Symbolically, $W_n$ is consistent of $\boldsymbol{\theta}$, $a_n \to 1, b_n \to 0$, then $U_n = a_n W_n + b_n$ is also consistent of $\boldsymbol{\theta}$.

The variance of the asymptotic distribution of an estimator is called the **asymptotic variance** of the estimator.

Note:

- Asymptotic variance is different from the limit of variances of a sequence of estimators. The latter, a.k.a. the limiting variance, sometimes may not exist.
- The asymptotic variance is always smaller than the limiting variance. (Lehmann & Casella, 1998)

A sequence of estimators is called **asymptotically efficient** for an induced parameter, if it is asymptotically normal with asymptotic variance achieving the Cramer-Rao Lower Bound, pointwise in the parameter space.

Symbolically, an estimator $W_n$ of induced parameter $g(\boldsymbol{\theta})$ is asymptotically efficient, if

$$\sqrt{n} [W_n - g(\boldsymbol{\theta})] \Rightarrow N \left( 0, (g \nabla) [\mathbb{E}(\nabla \log f)(\nabla \log f)']^{-1} (\nabla g) \right) , \quad \forall \boldsymbol{\theta} \in \boldsymbol{\Theta}$$

For estimators that cannot achieve asymptotic efficiency, they may have other desirable properties such as ease of calculation, robustness to underlying assumptions. An index of relative efficiency then becomes useful to quantify the trade-off.

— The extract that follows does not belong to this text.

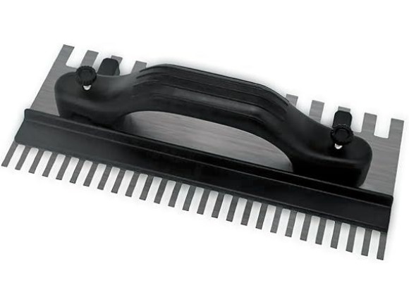 A estrutura Bidentada é ideal para uma aplicação precisa e uniforme de argamassa, cimento, gesso e outros revestimentos. Os dentes são projetados para criar um padrão de aplicação consistente, essencial para um acabamento perfeito e livre de bolhas ou marcas.
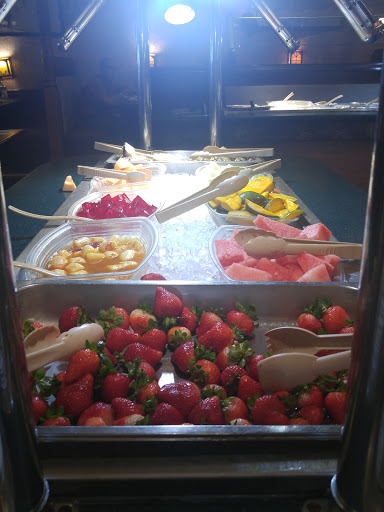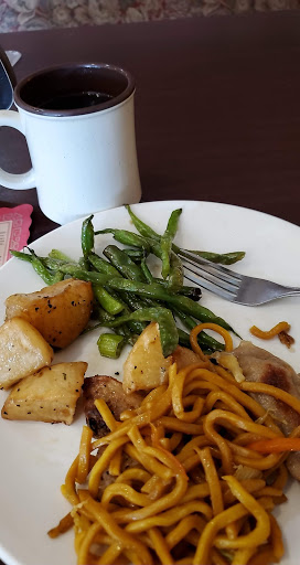 Went at 1pm on a Thursday. Food was hot and well stocked. Food was flavorful. Seafood delight shrimp was mushy, however. Decor needs serious upkeep. Garden hose dangling from ceiling tile by wall. Huge pile of broken/delapitated chairs against same wall. Just take them to the dumpster! Booths are coming apart at the seams. Questionable table decor...light sheath has a hole punched in it, paint flaking from dispensers. ALOT of chicken options...not alot of beef options.

Given two asymptotically normal estimators of an induced parameter, the ratio of their asymptotic variances is called the **asymptotic relative efficiency** (ARE) of the latter with respect to the former.

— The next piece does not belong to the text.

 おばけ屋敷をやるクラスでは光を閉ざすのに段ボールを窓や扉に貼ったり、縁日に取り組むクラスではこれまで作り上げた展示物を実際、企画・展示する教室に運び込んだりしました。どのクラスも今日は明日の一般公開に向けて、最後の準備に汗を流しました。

Symbolically, given $\sqrt{n} [V_n - g(\boldsymbol{\theta})] \Rightarrow N ( 0, \sigma^2_V )$, and $\sqrt{n} [W_n - g(\boldsymbol{\theta})] \Rightarrow N ( 0, \sigma^2_W )$, the asymptotic relative efficiency of $V_n$ with respect to $W_n$ is

$$\text{ARE}(V_n,W_n) = \frac{\sigma^2_W}{\sigma^2_V}$$

The term robustness can have many interpretations, but perhaps it is best summarized by Huber (1981, Sec. 1.2):

- It should have a reasonably good (optimal or nearly optimal) efficiency at the assumed model.
- It should be robust in the sense that small deviations from the model assumptions should impair the performance only slightly.
- Somewhat larger deviations from the model should not cause a catastrophe.

A statistic based on random sample has a **breakdown value**, if when any larger portion than the critical value of the sample diverges, the statistic would also diverge.

Symbolically, statistic $T_n$ of a sample of size $n$ has breakdown value $b, b\in[0,1]$, if

$$T_n < \infty \text{ as } X_{ ( \{ (1-b)n \} ) } \to \infty; \\ \forall \varepsilon >0, T_n \to \infty \text{ as } X_{ ( \{ (1-b-\varepsilon)n \} ) } \to \infty$$

Here, $\{ \cdot \}$ denotes the nearest integer function.

Note:

- The breakdown value of sample mean is 0. That is, if any fraction of the sample is driven to infinity, so is the sample mean.
- The breakdown value of sample median is 0.5.